ABOUT THIS TASK
Using the listing below, please print exactly the lines from the one with "半熱風式焙煎でコーヒーのアロマを引き立たせ、苦みや酸味よりも" through the one with "8400 mAh + 100". Leave out every picture.

ENTRIES SHOWN

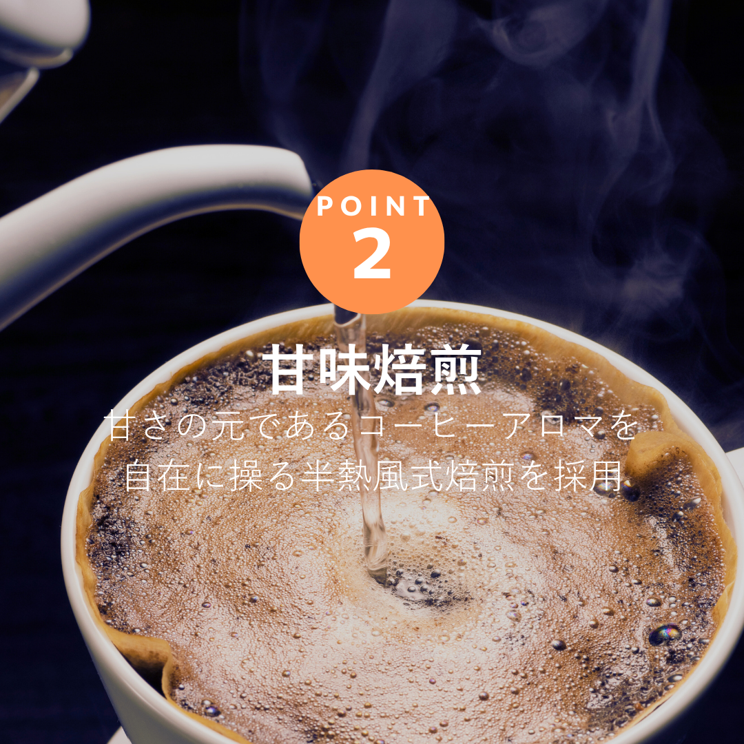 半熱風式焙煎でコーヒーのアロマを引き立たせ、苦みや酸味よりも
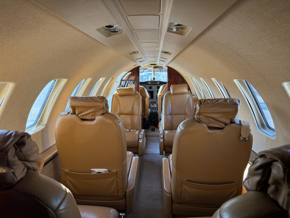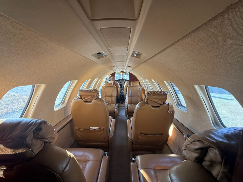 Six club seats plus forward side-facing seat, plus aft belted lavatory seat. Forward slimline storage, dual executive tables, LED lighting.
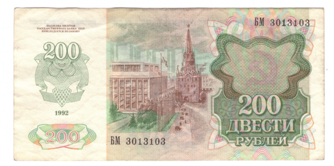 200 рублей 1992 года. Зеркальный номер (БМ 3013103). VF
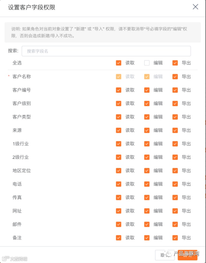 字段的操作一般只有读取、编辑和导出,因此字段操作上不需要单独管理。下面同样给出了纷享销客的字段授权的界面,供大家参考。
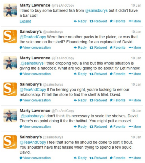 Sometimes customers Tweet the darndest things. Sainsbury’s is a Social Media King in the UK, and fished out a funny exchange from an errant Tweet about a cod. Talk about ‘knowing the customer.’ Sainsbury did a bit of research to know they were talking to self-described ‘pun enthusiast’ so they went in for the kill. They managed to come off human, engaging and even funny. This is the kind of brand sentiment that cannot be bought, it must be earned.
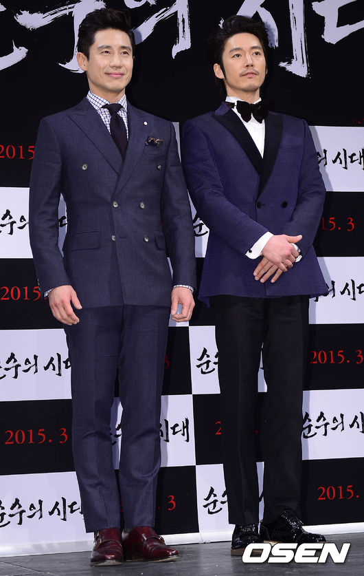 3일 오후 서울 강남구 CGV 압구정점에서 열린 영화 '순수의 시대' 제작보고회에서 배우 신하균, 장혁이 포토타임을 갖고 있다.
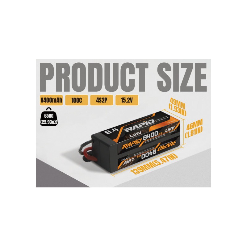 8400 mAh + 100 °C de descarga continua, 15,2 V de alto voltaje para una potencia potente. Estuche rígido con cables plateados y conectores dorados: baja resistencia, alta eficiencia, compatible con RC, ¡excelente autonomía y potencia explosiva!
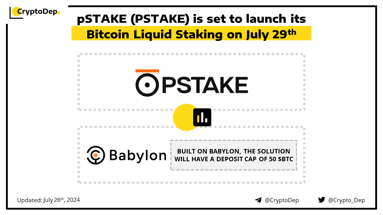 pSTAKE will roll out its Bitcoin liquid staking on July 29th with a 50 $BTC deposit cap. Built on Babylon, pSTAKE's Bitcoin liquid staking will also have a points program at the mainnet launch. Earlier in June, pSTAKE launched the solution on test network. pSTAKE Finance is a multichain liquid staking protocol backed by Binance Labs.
* * *
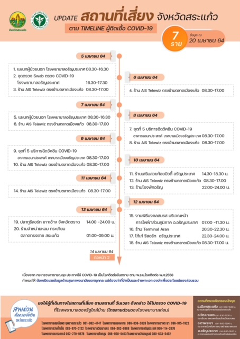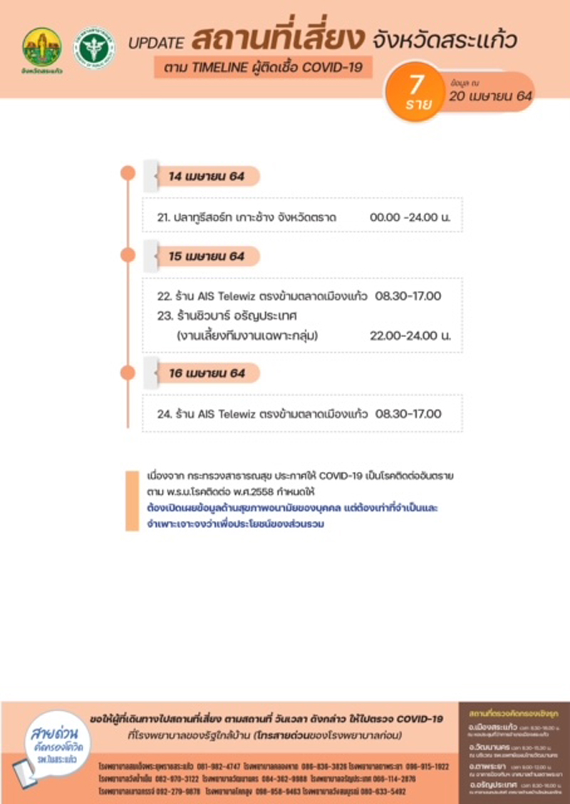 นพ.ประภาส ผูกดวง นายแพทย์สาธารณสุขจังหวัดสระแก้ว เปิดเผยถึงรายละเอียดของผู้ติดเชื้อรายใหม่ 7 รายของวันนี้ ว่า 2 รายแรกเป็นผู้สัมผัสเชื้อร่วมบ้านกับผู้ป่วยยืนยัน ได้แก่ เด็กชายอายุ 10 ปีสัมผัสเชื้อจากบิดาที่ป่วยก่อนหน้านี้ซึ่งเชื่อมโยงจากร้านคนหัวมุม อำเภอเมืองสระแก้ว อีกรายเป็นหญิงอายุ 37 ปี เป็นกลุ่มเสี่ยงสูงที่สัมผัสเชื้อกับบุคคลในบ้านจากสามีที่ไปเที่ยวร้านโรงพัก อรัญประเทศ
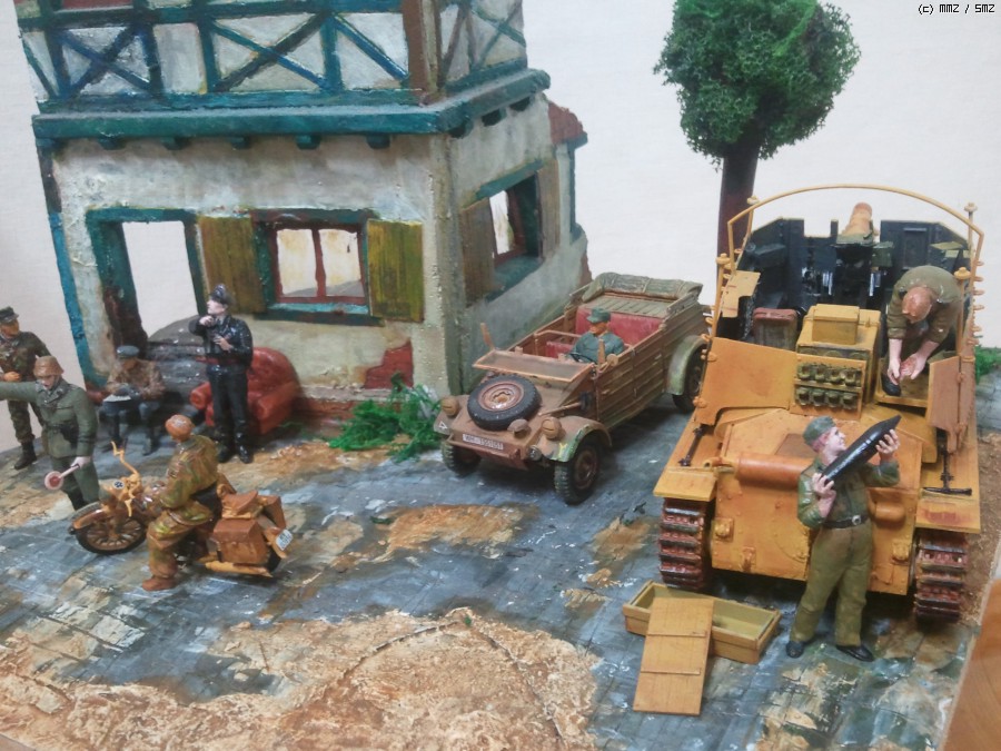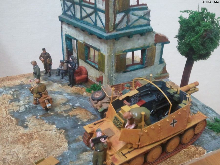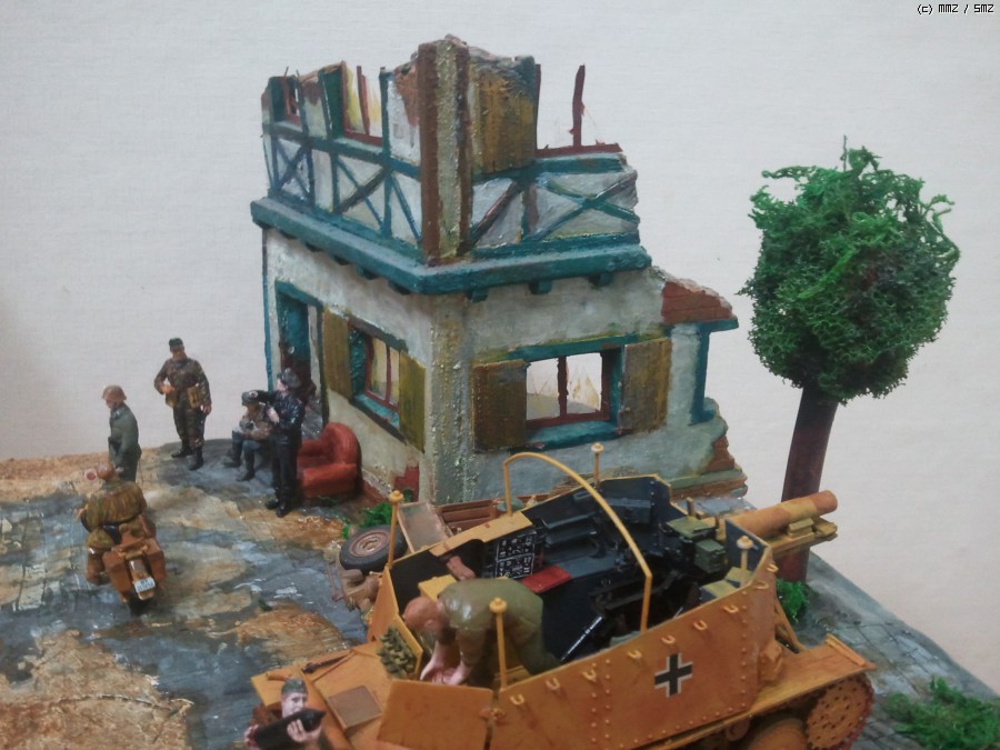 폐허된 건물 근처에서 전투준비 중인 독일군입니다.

RESULT FOR THIS TASK
 半熱風式焙煎でコーヒーのアロマを引き立たせ、苦みや酸味よりも
 Six club seats plus forward side-facing seat, plus aft belted lavatory seat. Forward slimline storage, dual executive tables, LED lighting.
 200 рублей 1992 года. Зеркальный номер (БМ 3013103). VF
 字段的操作一般只有读取、编辑和导出,因此字段操作上不需要单独管理。下面同样给出了纷享销客的字段授权的界面,供大家参考。
 Sometimes customers Tweet the darndest things. Sainsbury’s is a Social Media King in the UK, and fished out a funny exchange from an errant Tweet about a cod. Talk about ‘knowing the customer.’ Sainsbury did a bit of research to know they were talking to self-described ‘pun enthusiast’ so they went in for the kill. They managed to come off human, engaging and even funny. This is the kind of brand sentiment that cannot be bought, it must be earned.
 3일 오후 서울 강남구 CGV 압구정점에서 열린 영화 '순수의 시대' 제작보고회에서 배우 신하균, 장혁이 포토타임을 갖고 있다.
 8400 mAh + 100 °C de descarga continua, 15,2 V de alto voltaje para una potencia potente. Estuche rígido con cables plateados y conectores dorados: baja resistencia, alta eficiencia, compatible con RC, ¡excelente autonomía y potencia explosiva!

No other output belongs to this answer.